Coevolution of Patients and Hospitals: How Changing Epidemiology and Technological Advances Create Challenges and Drive Organizational Innovation/PRACTITIONER APPLICATION

Article excerpt

EXECUTIVE SUMMARY

Over the last 20 years, hospitals have revised their organizational structures in response to new environmental pressures. Today, demographic and epidemiologic trends and recent technological advances call for new strategies to cope with ultraelderly frail patients characterized by chronic conditions, high-severity health problems, and complex social situations. The main areas of change surround new ways of managing emerging clusters of patients whose needs are not efficiently or effectively met within traditional hospital organizations.

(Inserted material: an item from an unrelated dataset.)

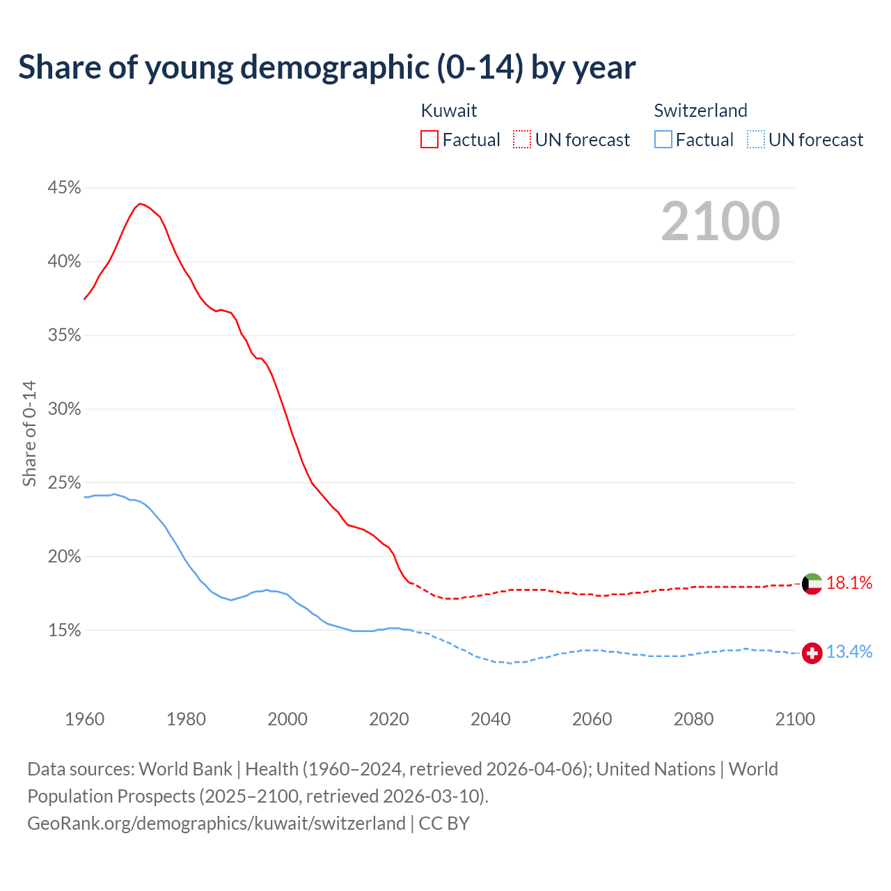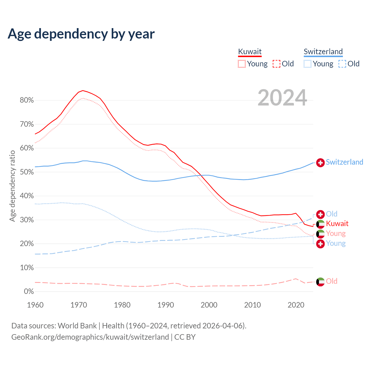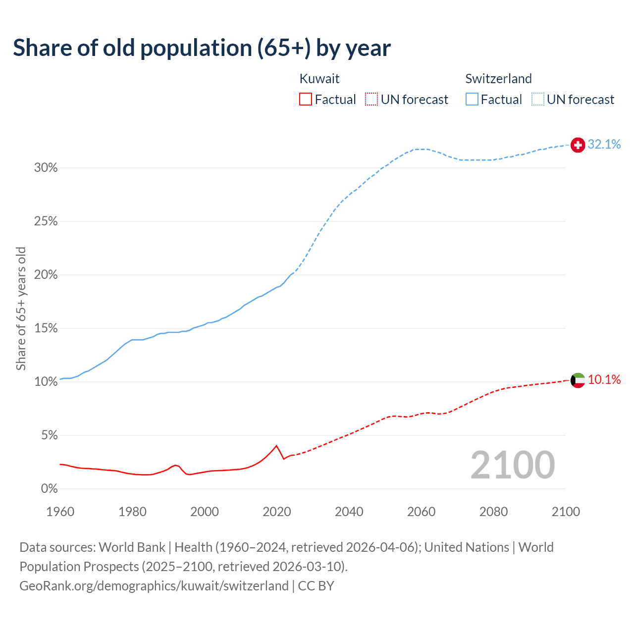The share of older people aged 65 and over is 3.1% in Kuwait and 20% in Switzerland. Life expectancy in Kuwait compared to Switzerland .

Following the practitioner and academic literature, we first identify the most relevant clusters of new kinds of patients who represent an increasingly larger share of the hospital population in developed countries. Second, we propose a framework that synthesizes fhe major organizational innovations adopted by successful organizations around the world. We conclude by substantiating the trends of and the reasoning behind the prospective pattern of hospital organizational development.

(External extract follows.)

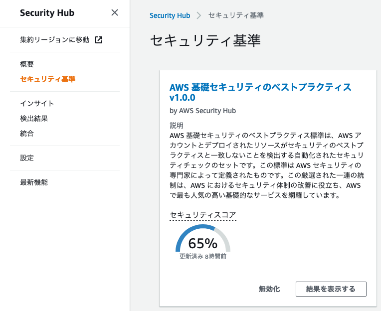 コンソール画面のセキュリティ基準から、各セキュリティ標準のセキュリティスコアを確認することができます。結果を表示するをクリックすると、各項目についての結果を確認することができます。
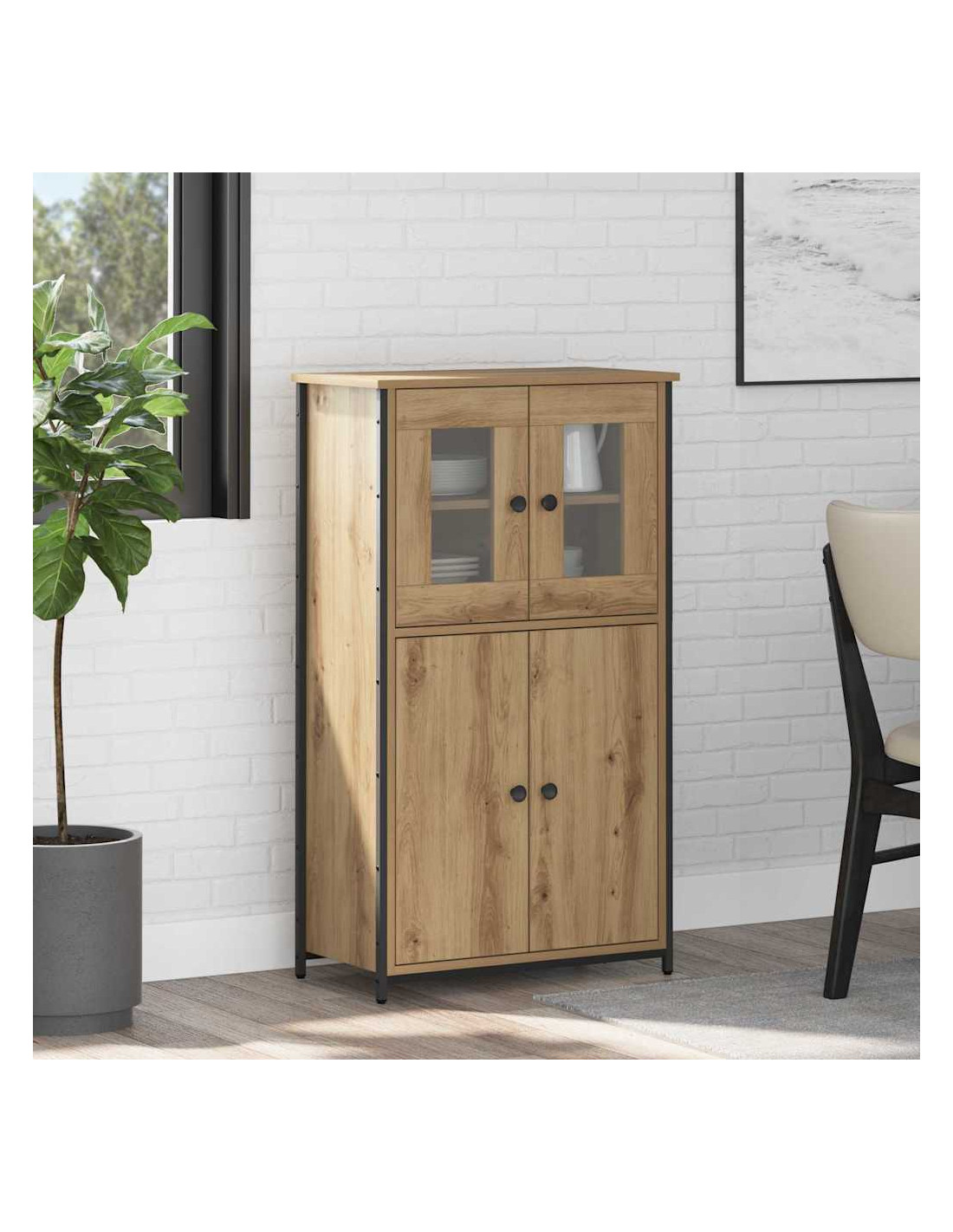 - Costruzione in legno ingegnerizzato: Questo highboard è in legno ingegnerizzato, che offre robustezza e resistenza. Questo materiale garantisce una superficie liscia e durevole che regge l'usura quotidiana mantenendo un aspetto chic.

INTRODUCTION: TIME TO ENRICH THE FOCUS

Over the last 20 years, hospitals in developed countries have greatly altered their organizational structures in response to the pressures posed by financial, social, and technological challenges. Attention has been paid to improving (1) the management of assets and operations and (2) disease and risk management practices (McKee and Helay 2002; Porter and Teisberg 2006; IHF 2007; IHF 2008; Böhmer 2009; De Souza 2009). Both directions of change are necessary for the development of safe and efficient hospitals, but they are not sufficient if we consider the impact of current demographic and epidemiologic trends on hospital populations (Parker, Fadayevatan, and Lee 2006).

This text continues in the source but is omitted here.